[[ Provided data open ]]

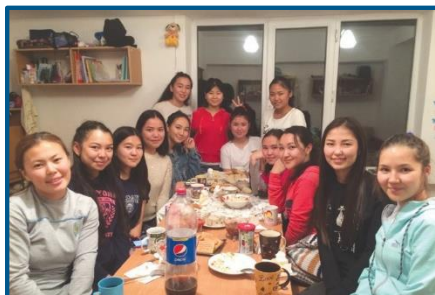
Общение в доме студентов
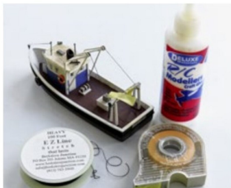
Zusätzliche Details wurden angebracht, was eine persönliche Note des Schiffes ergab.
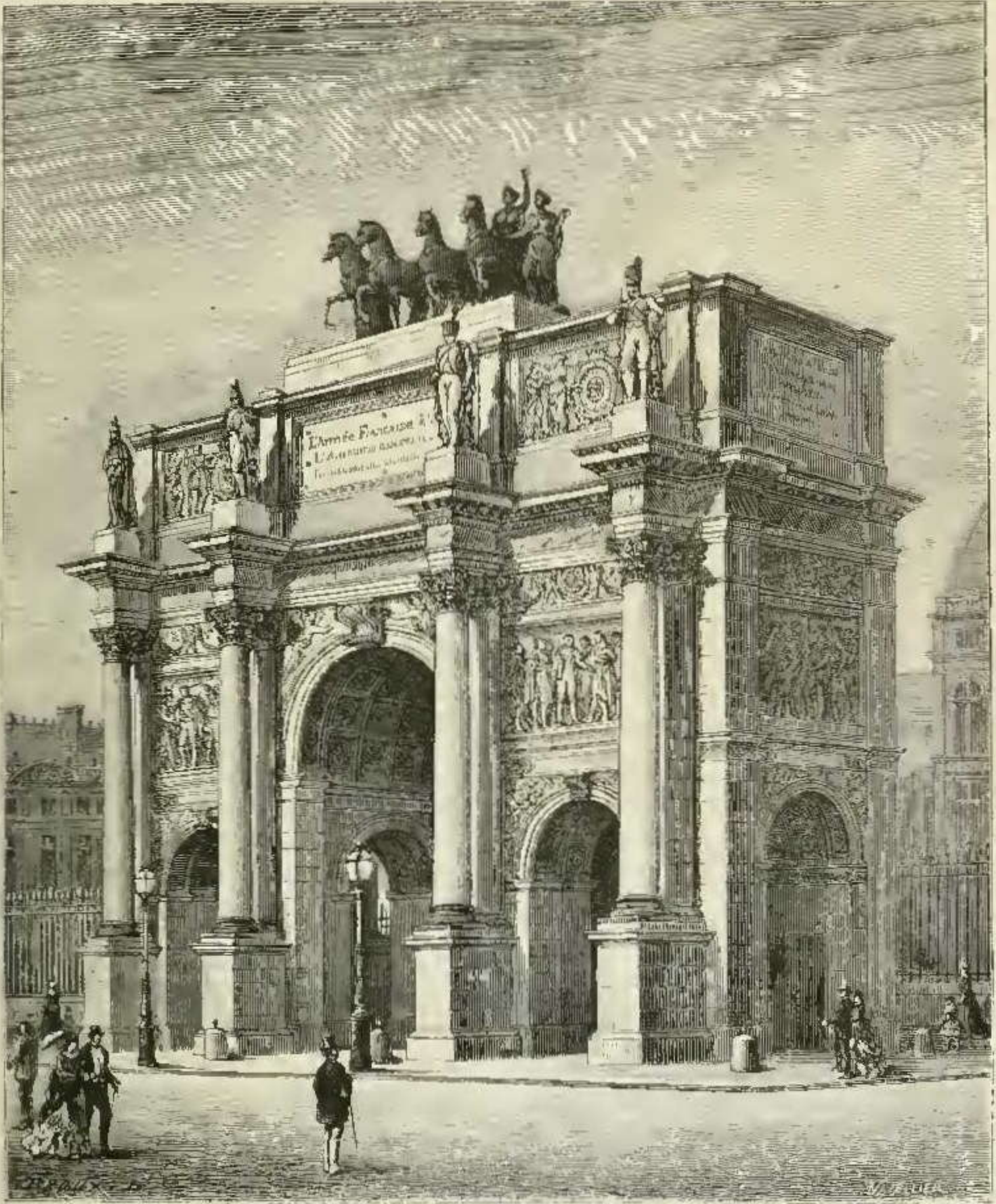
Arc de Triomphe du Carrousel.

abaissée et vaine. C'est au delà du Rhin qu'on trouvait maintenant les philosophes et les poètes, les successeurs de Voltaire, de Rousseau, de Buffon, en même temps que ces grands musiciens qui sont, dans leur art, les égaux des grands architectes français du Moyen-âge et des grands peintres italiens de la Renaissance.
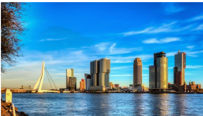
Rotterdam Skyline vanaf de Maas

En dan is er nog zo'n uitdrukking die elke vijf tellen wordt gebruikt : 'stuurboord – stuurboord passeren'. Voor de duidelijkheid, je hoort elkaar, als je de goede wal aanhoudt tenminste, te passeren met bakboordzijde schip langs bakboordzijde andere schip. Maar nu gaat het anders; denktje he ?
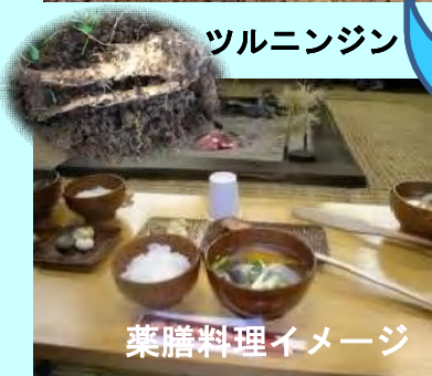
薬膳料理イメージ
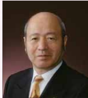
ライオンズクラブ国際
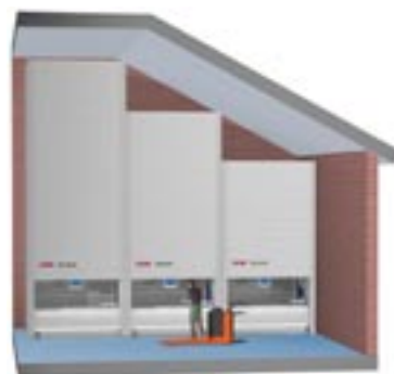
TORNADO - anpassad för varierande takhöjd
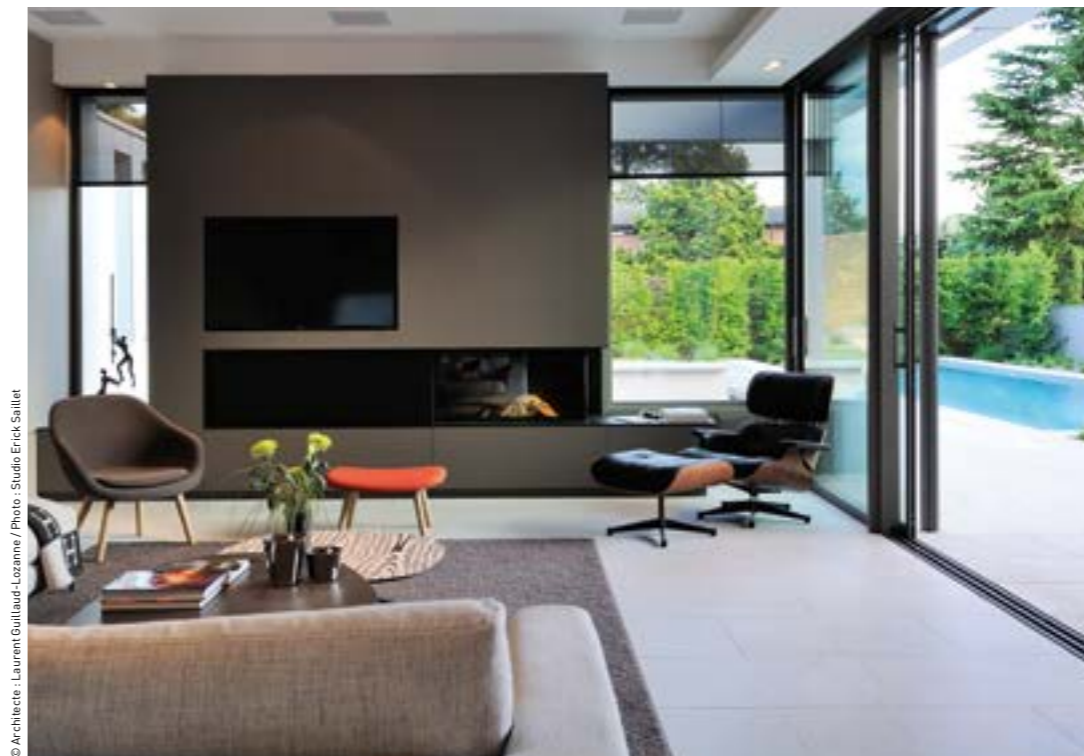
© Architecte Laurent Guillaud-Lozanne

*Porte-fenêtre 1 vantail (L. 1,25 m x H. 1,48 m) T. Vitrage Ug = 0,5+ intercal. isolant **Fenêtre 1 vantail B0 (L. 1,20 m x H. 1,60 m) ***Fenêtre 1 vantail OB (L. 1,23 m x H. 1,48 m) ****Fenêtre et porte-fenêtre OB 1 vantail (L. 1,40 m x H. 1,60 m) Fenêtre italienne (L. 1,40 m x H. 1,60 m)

[[ Provided data closed ]]

- **Instructions for the task**
Repeat the full set of records exactly, and output no pictures.

- **Solved problem**
Общение в доме студентов
Zusätzliche Details wurden angebracht, was eine persönliche Note des Schiffes ergab.
Arc de Triomphe du Carrousel.

abaissée et vaine. C'est au delà du Rhin qu'on trouvait maintenant les philosophes et les poètes, les successeurs de Voltaire, de Rousseau, de Buffon, en même temps que ces grands musiciens qui sont, dans leur art, les égaux des grands architectes français du Moyen-âge et des grands peintres italiens de la Renaissance.
Rotterdam Skyline vanaf de Maas

En dan is er nog zo'n uitdrukking die elke vijf tellen wordt gebruikt : 'stuurboord – stuurboord passeren'. Voor de duidelijkheid, je hoort elkaar, als je de goede wal aanhoudt tenminste, te passeren met bakboordzijde schip langs bakboordzijde andere schip. Maar nu gaat het anders; denktje he ?
薬膳料理イメージ
ライオンズクラブ国際
TORNADO - anpassad för varierande takhöjd
© Architecte Laurent Guillaud-Lozanne

*Porte-fenêtre 1 vantail (L. 1,25 m x H. 1,48 m) T. Vitrage Ug = 0,5+ intercal. isolant **Fenêtre 1 vantail B0 (L. 1,20 m x H. 1,60 m) ***Fenêtre 1 vantail OB (L. 1,23 m x H. 1,48 m) ****Fenêtre et porte-fenêtre OB 1 vantail (L. 1,40 m x H. 1,60 m) Fenêtre italienne (L. 1,40 m x H. 1,60 m)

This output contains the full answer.